One Last Mall Show

When I joined the club in 2003, we had space in one of the local malls, which we filled with an Ntrak modular layout, and opened up for public display at least once a week. The space had started out as a bookstore when the mall first opened, later was used by an athletic-shoe retailer, and was given to us when the mall found itself with an excess of unrented space. This particular mall had always had trouble attracting business, and it just got worse over time. For a while, there were more community groups than retailers. This was obviously unsustainable, so in 2009, mall management evicted what few tenants remained, and locked the place up. We haven’t been in a mall since, until last month.

Back when I was active in the local chapter of a tinplate-train society in the late ’80s, we did about three mall shows a year. Our display layout stayed up in the concourse for several days, sometimes as long as two weeks. Mall management would publicize our presence, and give the group a couple hundred bucks for our trouble.

But that was then. It’s different now.

I’m sure you’ve noticed that the retailing scene has changed considerably in the last couple of decades. Malls have been progressively squeezed by the likes of Amazon and Wal-Mart. A number of malls have radically reconfigured themselves, or closed up entirely. The remaining ones have filled that once-open concourse space with little kiosks selling t-shirts and iPhone cases. Promotion budgets have been slashed.

Once, model-train clubs were an attraction. Now, we’re a minor nuisance.

Some of the club’s old-timers remember the glory days of mall exhibits with great fondness, and really wanted to get back. One of them had a contact in management at one of the region’s more successful malls, and this manager had worked with the club in the past. Through patience and persistence, we wrangled some concourse space, tables and chairs, and a few stanchions for a weekend. No money was offered, but the group, recognizing the changed exhibition landscape, agreed to go ahead.

Our group started out 30 years ago as an Ntrak club, and Ntrak still has its advocates, but T-Trak has been making inroads. We still exhibit Ntrak about three times a year, generally at larger shows. T-Trak goes everywhere else. (Before T-Trak, we had a 2-by-8-foot portable layout for smaller venues. We haven’t taken it anywhere in three years.) For larger events, we’ve taken to exhibiting both T-Trak and Ntrak as back-to-back L-shaped layouts, with a common operating pit. That’s what we did here.

The mall unlocks its doors at 6:30 am for mall walkers, so that’s when we started arrived for setup.

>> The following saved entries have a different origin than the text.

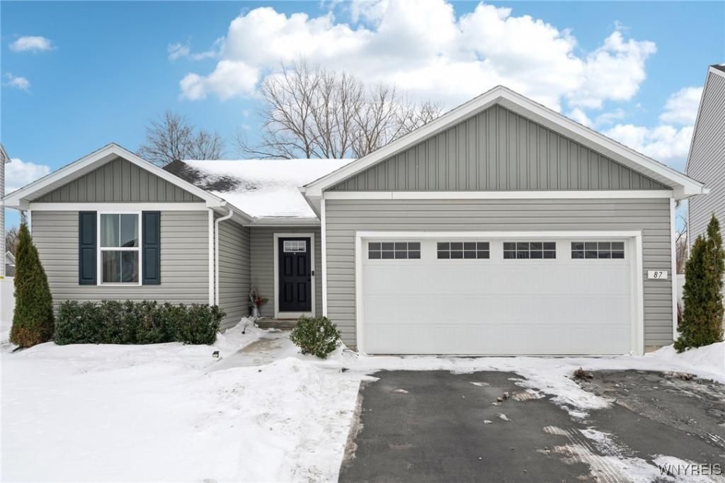 Edit mortgage details for a more accurate paymentWhy build when you can be settled in by Spring? Beautiful 2020 built ranch home with modern amenities. As you enter the home you'll be greeted by luxury vinyl flooring and tasteful, current paint colors. Enjoy entertaining in the open concept kitchen, dining and living room for today's sought after style of living. Kitchen features SS appliances, granite counters, island with breakfast bar and a pantry. Large primary bedroom features ensuite with walk in shower and walk in closet. Two bedrooms and one full bath are also located on the main level of the home. Benefit from the convenience of first floor laundry. In 2023 lower level was partially finished by adding a third full bath, luxury vinyl flooring, and a dry bar with beverage refrigerator which adds about 600 sq. ft of bonus space to enjoy while allowing natural light from the egress window in. Basement is clean, dry and has 8 foot ceilings. Mechanics such as tankless water heater and large area for plenty of storage are located in separate area of lower level. Lovely private backyard with concrete patio, privacy fence and landscaping were added to enjoy beautiful summer days with views of the lush fields behind the home. Home is conveniently located near Niagara Falls Blvd, 990, and 290 for ease of commute and day to day living. Home features attached 2 car garage, has wonderful curb appeal and is ready to welcome its new owners.
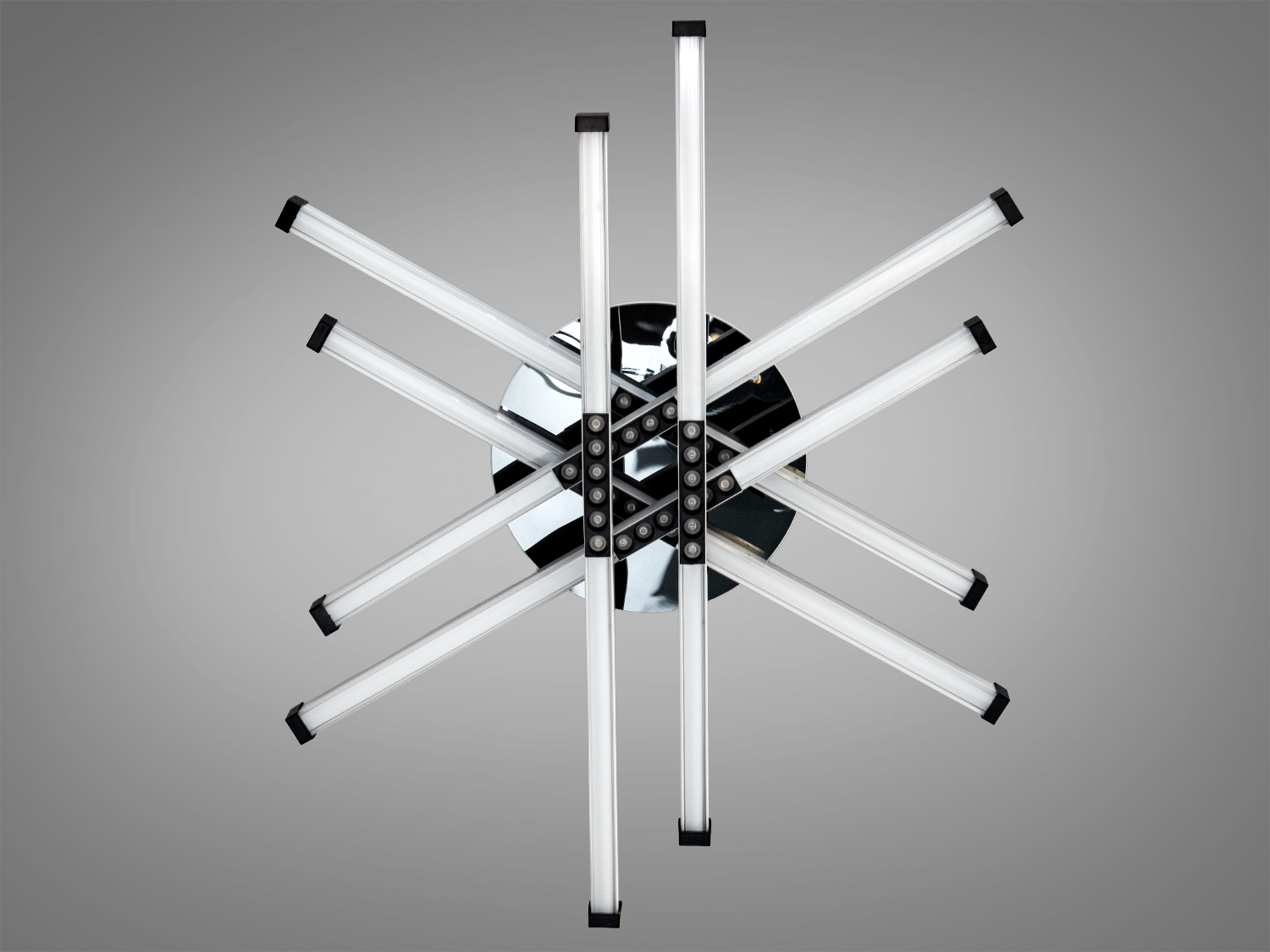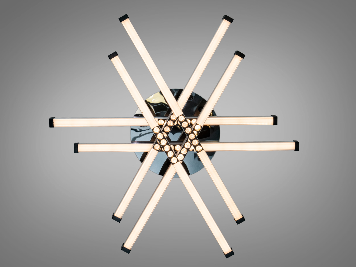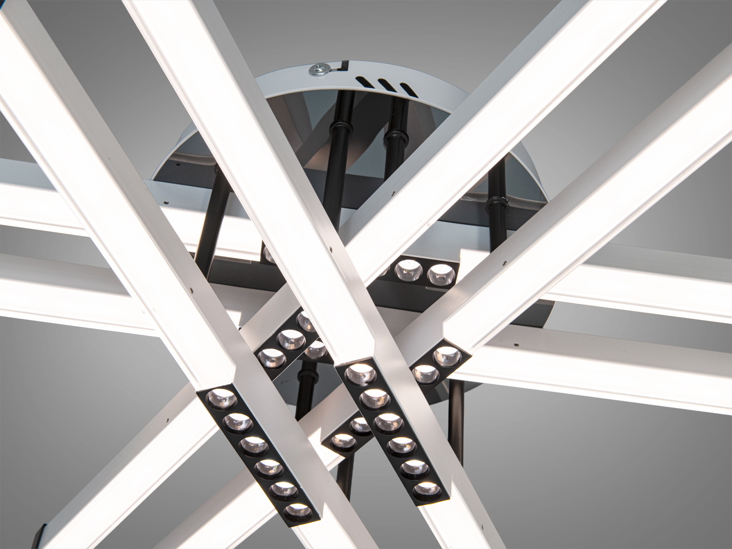 Шесть световых модулей, расположенных крест-накрест, создают динамичный световой узор. Акриловый рассеиватель обеспечивает мягкое и комфортное освещение без резких теней.
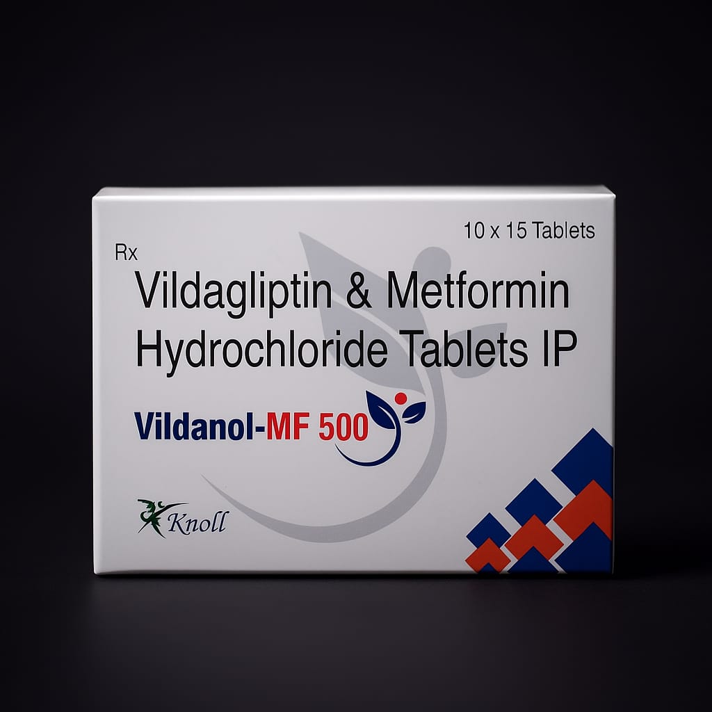 Vildanol MF 500 Tablet is an oral antidiabetic medicine used to control blood sugar levels in patients with Type 2 Diabetes Mellitus. It is a combination of Vildagliptin and Metformin Hydrochloride (500 mg), which work together to improve glycemic control when diet and exercise alone are insufficient.

By the time the retailers raised their gates at 10:00, we had the layout assembled, powered up, and running. The entire weekend was hot and sunny, so the skylit concourse wasn’t terribly comfortable during the afternoon. It was a much brighter exhibition space than I’m accustomed to, as well. After sunset, though, it was a different story. The concourse’s soft lighting gave the layout a twilight atmosphere, and the interior lighting in my Broadway Limited stood out beautifully.

Perhaps we’d forgotten that mall audiences are different from train-show audiences. Young children at shows have mostly been trained to keep hands off. The mall-going population hasn’t emphasized that so much. I noticed a lot more interference from little (and not-so-little) fingers than I see at shows. One overly-enthusiastic two-year-old sent a freight car to the floor, with devastating results. I generally don’t like erecting barriers between trains and viewers. At shows, we generally don’t need to. This experience reminded me that it’s sometimes necessary.

Freight-car casualty notwithstanding, we got through the weekend. The layout ran fine, and club members contributed the time necessary to keep it adequately staffed. When the stores closed at 6 pm Sunday, we broke everything down, packed it up, and loaded it into cars in less than an hour.

Feedback from mall management was reported to be positive, and most members expressed a willingness to do it again in the future. Maybe this won’t be our last mall show after all.